Now we will present you with samples from other labs, across the world. When samples of bacteria colonies are transferred between labs, the colonies’ size may get distorted. For example, samples can shrink because of dry conditions and change of pressure. Samples can also expand because of humidity, heat, etc.

Next, participants completed the generalization phase. Upon completion of the task, we asked participants “What was the origin of the samples you saw on the second stage” with the following options: 1) other labs across the world, 2) the same lab as in the first stage, 3) innovative electron microscope, 4) underground research excavations, and 5) skin of laboratory animals. Thereafter, we asked them an open-ended question about what guided their predictions in the second stage. Then, participants responded to the following questions, which served as control variables: interest (“How interesting was the task for you?”), enjoyment (“How much did you enjoy the task?”), difficulty (“How difficult did you find the task?”), motivation (“How motivated did you feel to perform the task well?”), importance (“How important was it for you to perform the task well?”), and perceived competence (“How well do you feel that you did on the task?”) on scales that ranged from 1 (not at all) to 7 (very much). General mood was also assessed (“Generally, how do you feel right now?” 1 = very bad, 7 = very good), followed by eight specific emotions (“How sad/loose/tense/relaxed/nervous/happy/ joyful/depressed do you feel right now?” 1 = not at all, 7 = very much). Finally, participants indicated their age and gender.

Experiment 2

Participants

One-hundred-and-two Prolific participants completed the study in return for payment. The preregistered sample size was based on a pilot study with 51 participants, in which we found an effect of condition of Cohen’s d = 1.13. We suspected that this might be an over-estimation of the true effect size and opted to detect a medium effect of Cohen’s d = 0.5 in the preregistered experiment. According to G*power software50, 102 participants are required to achieve 80% power with that effect. Per the preregistered exclusion criteria, nine participants were excluded because they failed an attention check and an additional two were excluded because they failed the memory check. The final sample included 91 participants (Mage = 30.22, SD = 5.16, 44 women), Nproximal = 42, Ndistal = 49.

Procedure and materials

Participants were told that the study is about intuitive expectations. After signing an electronic consent form, participants were randomly assigned to one of two experimental conditions and read the respective vignette. Below is the text that participants in the proximal condition received. The text for the distal condition appears in brackets:

People are exposed to various bacteria, however, only some of these bacteria are pathogenic (i.e., cause a disease), while others are harmless. Imagine that you are working in a laboratory and test which bacteria are pathogenic and which are not. The bacteria form colonies of different sizes, and their size has to do with whether the bacteria are pathogenic or not. In one sample you looked at, you found out that a colony of the size that is presented here is pathogenic:

You look at another pathogenic colony. It looks like that:

Yet another pathogenic colony looked like that:

The pathogenic colony that you have just seen was from a first batch. In some cases, the second batch is collected soon after the first, while in other cases it might take a full year before the second batch is collected. You now learn that the second batch of pathogenic colonies was collected a few minutes after [a year after] the first batch.

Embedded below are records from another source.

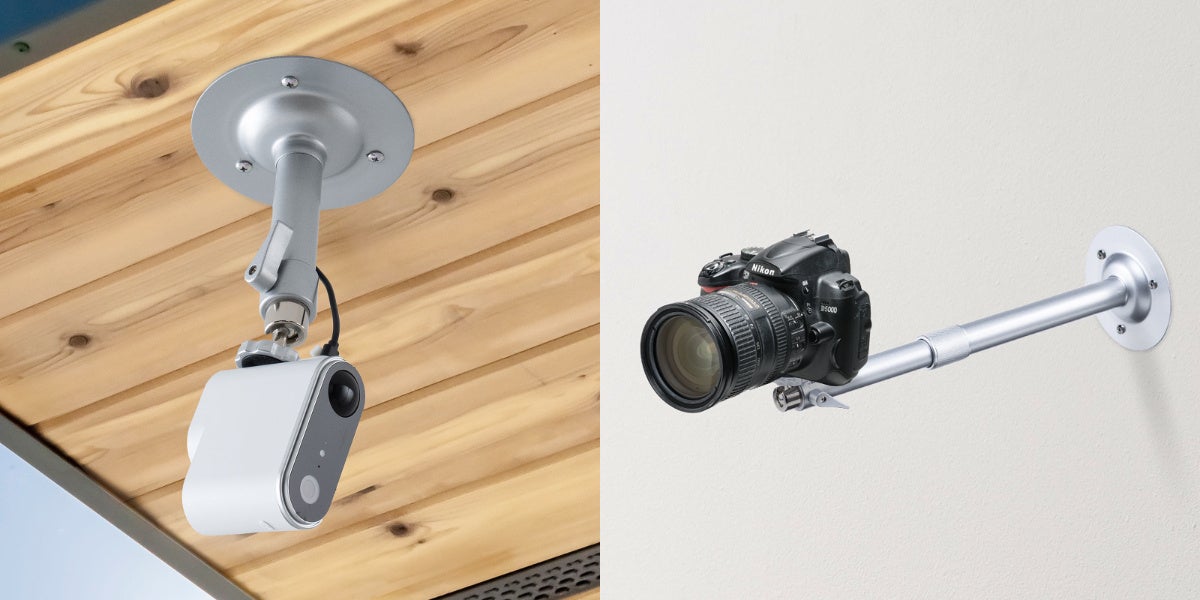 防犯カメラを天井や壁面に設置するカメラ用壁面スタンド サイズ違いで2種類を1月27日に発売サンワサプライ株式会社のプレスリリース。
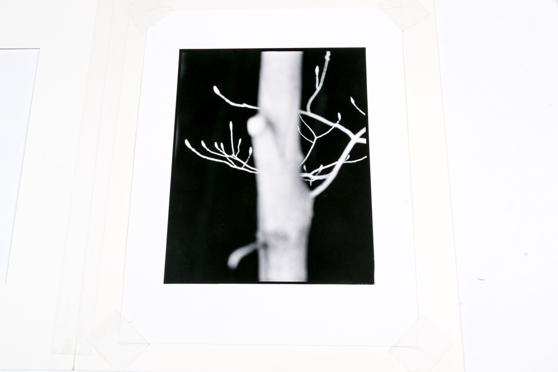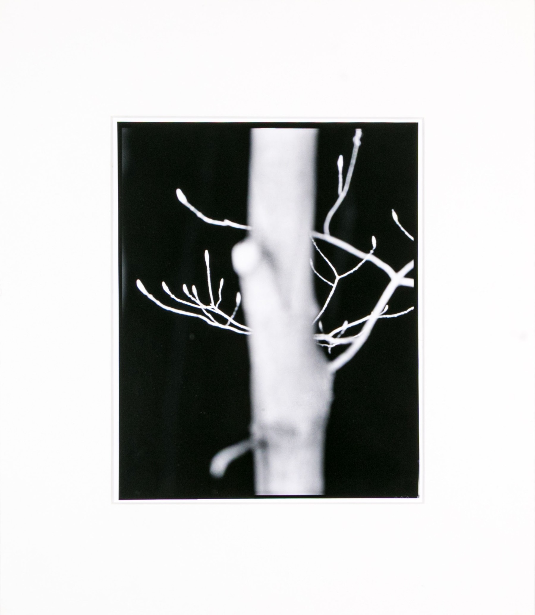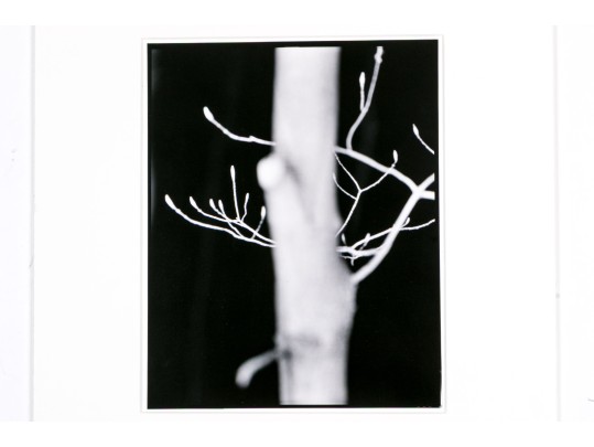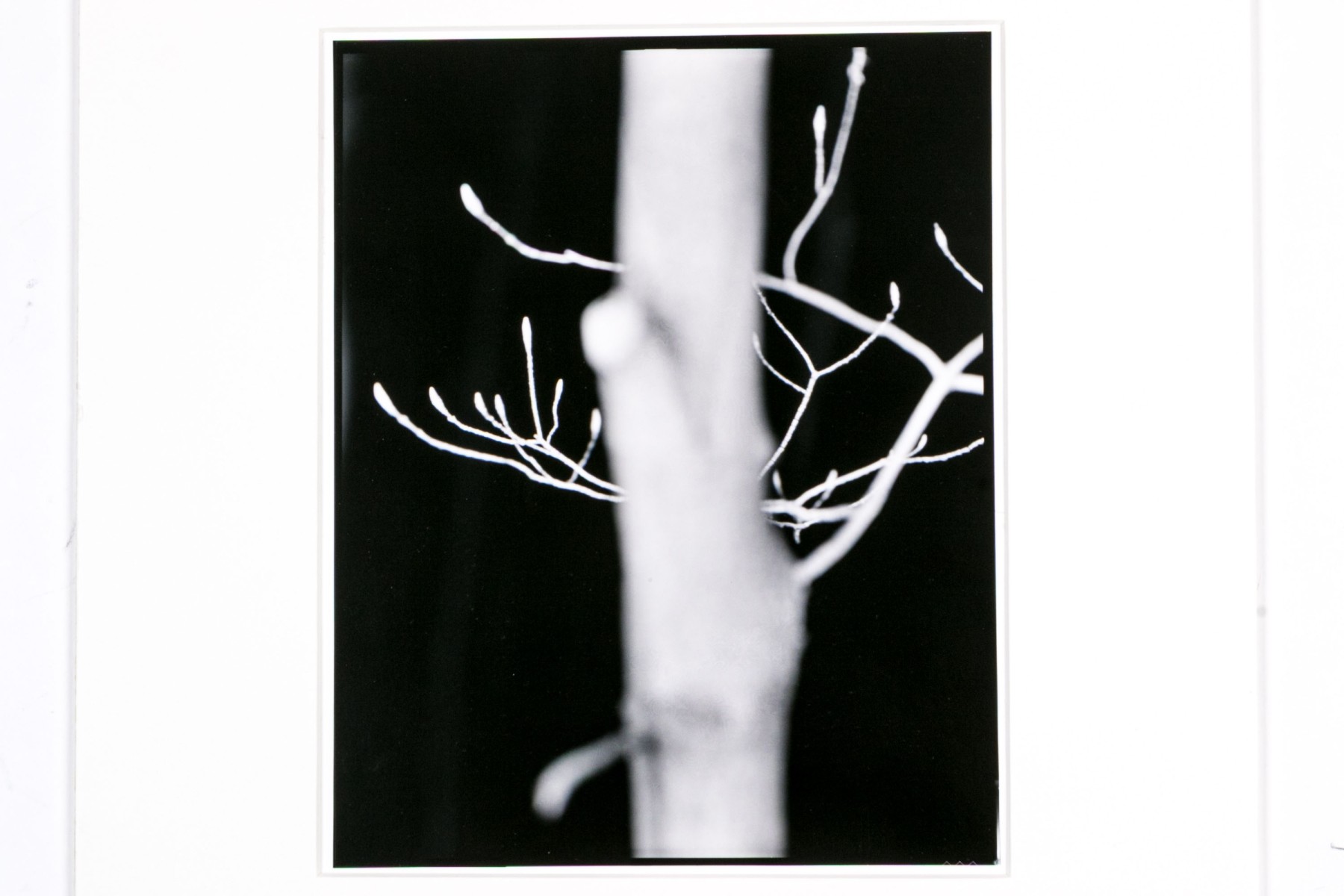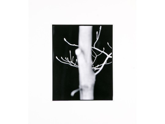 Barbara Crane (American, 1928-2019) gelatin silver print from the Coloma to Covert Series depicting a blurry white tree branch and spindly branches behind against a black background. With a handwritten label on the verso and bearing a label from Lallak + Tom Gallery with the original gallery price of $600. Unframed.
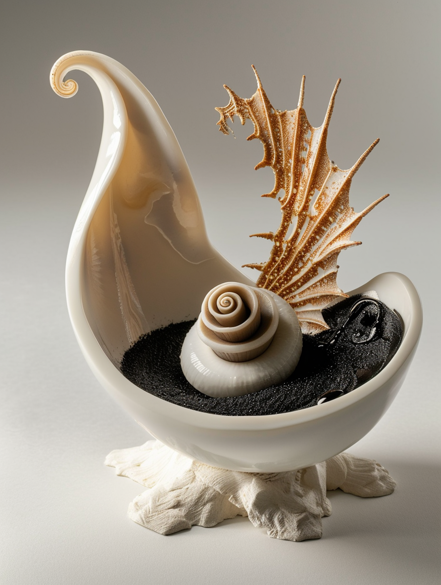 Elegant ceramic shell sculpture with black sand and spiral shell, accented by a spiky leaf structure. A harmonious blend of textures.
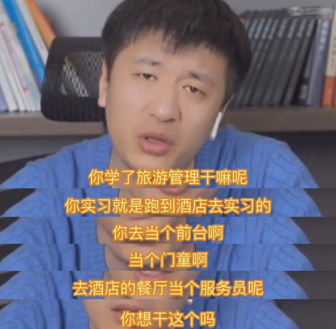考研名师张雪峰甚至直言,“学旅游管理(酒店管理),实习就是跑到酒店实习,去当个前台,当个门童,去酒店的餐厅当个服务员,你想干这个么?”

Thereafter, participants were asked how likely the second batch is to be different from the first one and to include pathogenic samples that are different in size. They indicated their estimation on a 10-point scale ranging from 1 (not at all likely), to 10 (very likely). Then, as a memory check, participants indicated how much time passed between the collection of the first and the second batches: 1) a few minutes, 2) a few days, 3) a year, 4) 10 years. Finally, we also asked participants to indicate to what degree they agree with the following sentences on a 10-point scale ranging from 1 (strongly disagree) to 10 (strongly agree): 1) As the time between the first and the second batches increases, it becomes more likely that the second sample will include pathogenic colonies with sizes different from the first batch, and, 2) As the time between the first and the second batches increases, it becomes less likely that the second sample will include pathogenic colonies with sizes different from the first batch. These last two questions were preregistered as exploratory measures.

Experiment 3

Participants

One-hundred-and-twenty-six online participants were recruited by an online Israeli platform (“Midgam”), completed the study in return for payment. The sample size was based on the recommendation of Ledgerwood56 for experiments with unknown effects. We originally planned to recruit 50 participants per condition, but anticipating exclusions due to low performance, we recruited 60 participants per condition. Participants were randomly assigned to one of the two experimental conditions. We excluded 34 participants because they did not reach the learning criterion. The final sample consisted of 92 participants (Mage = 25.32, SDage = 2.70, 44 women) Nproximal = 45, Ndistal = 47.

Procedure

The experimental procedure and stimuli were similar to Experiment 1, except for the framing of the task, the outcome that was predicted and the way generalization was introduced. The experiment was presented to the participants as a study on learning and personality. After signing an electronic consent form, the instructions screen informed participants that a number of rings would appear on the screen and that some of these rings would be followed by a lightning bolt. They were told that their goal was to learn which ring would be followed by the lightning bolt. Unlike Experiment 1, the 11-point scale ranged from “Certainly no lightning” (0) to “Certainly lightning” (10). We manipulated the temporal distance of anticipated application of learning by telling all the participants that they will first do a simulation of the actual task, and then manipulating between conditions the time of the anticipated actual task. Specifically, we told participants that the actual task will follow either immediately after the simulation (in the proximal condition) or a week later (in the distal condition). In reality, there was no “actual task” and in both conditions we were interested in participants’ performance of the ostensible simulation, which was (except for the timing of the anticipated actual task) identical in both conditions, and which presented learning and generalization one after the other, with no break and no specific instructions between them.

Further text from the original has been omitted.